The federal civil rights lawsuit was filed in November 2006 by El Tejano owners, brother and sister Mary and Steve Rodriguez.

The Rodriguezes sought unspecified damages against the town, claiming their license revocation was racially motivated because of their Hispanic background and the predominately Hispanic clientele at the bar.

The brother and sister originally obtained a liquor license for the establishment in August 2001. When the license was up for renewal in August 2002, the Eagle Town Board revoked the license. During the renewal hearing, members of the Eagle Police Department testified about incidents of over-serving alcohol and of alcohol being served to minors at the bar.

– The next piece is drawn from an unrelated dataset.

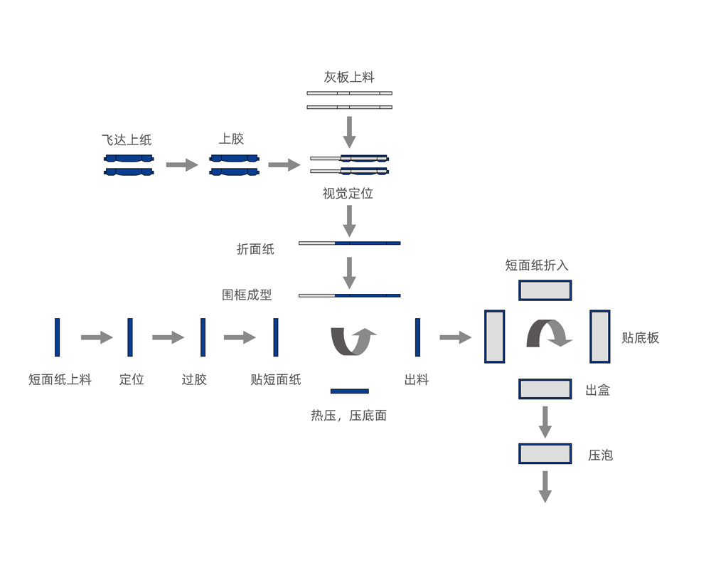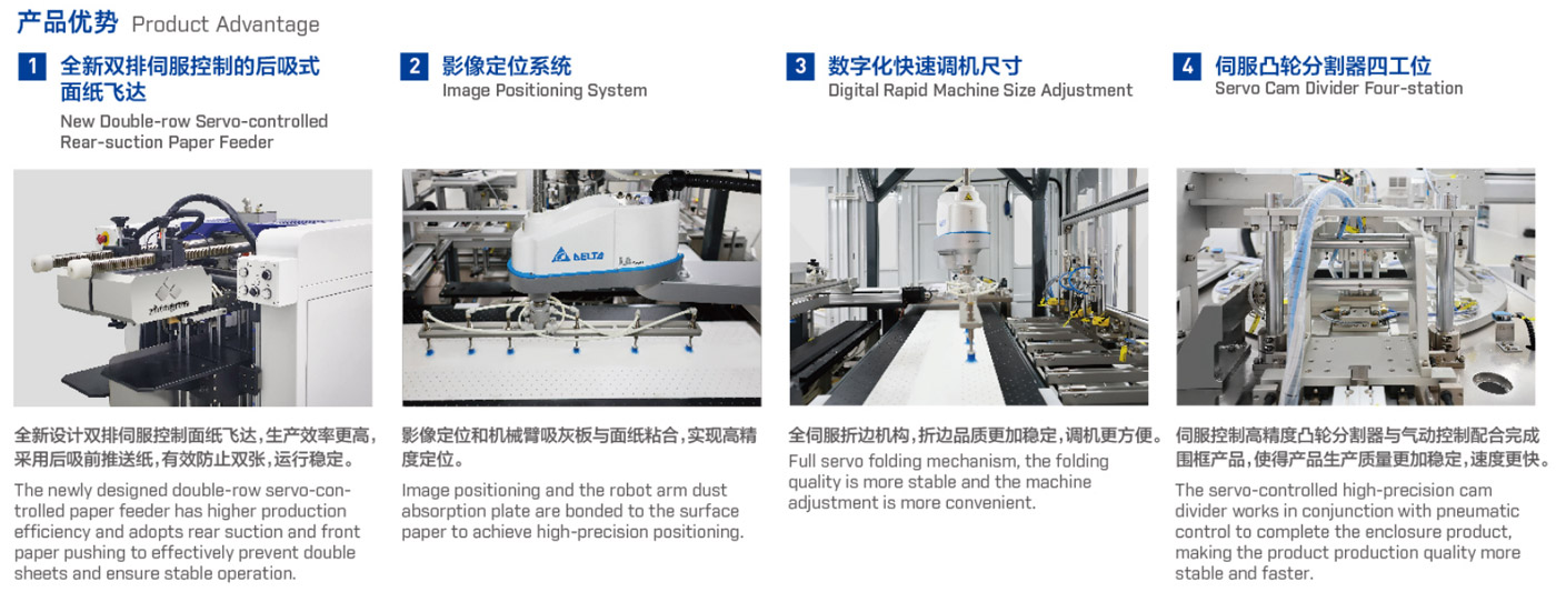 It can automatically feed and glue paper, delivery and position cardboard, and fold four sides in one process; there are features of accurate and quick positioning, and beautiful finished products etc. It is used to make hardcovers, notebook covers, desk calendars, hanging calendars, book-type boxes, fles and irregular covers etc.

Additionally, a female patron testified that she was over-served and subsequently she performed a striptease for tips at the bar.

The Rodriguez lawsuit claimed the town’s action was unduly harsh and different from the disciplinary action imposed on what the plaintiffs characterize as an “Anglo bar” in town. The complaint notes that when the Brush Creek Saloon’s license was brought up for renewal and liquor law violations were noted, the board suspended the license rather than revoking it.

In addition to the complaints related to alleged differences in treatment of license renewals, the Rodriguezes claimed their establishment was the victim of a harassment campaign by local police officers. In particular, they cited officers parked in the parking lot to observe El Tejano’s patrons; and frequent unannounced walk-throughs of the tavern.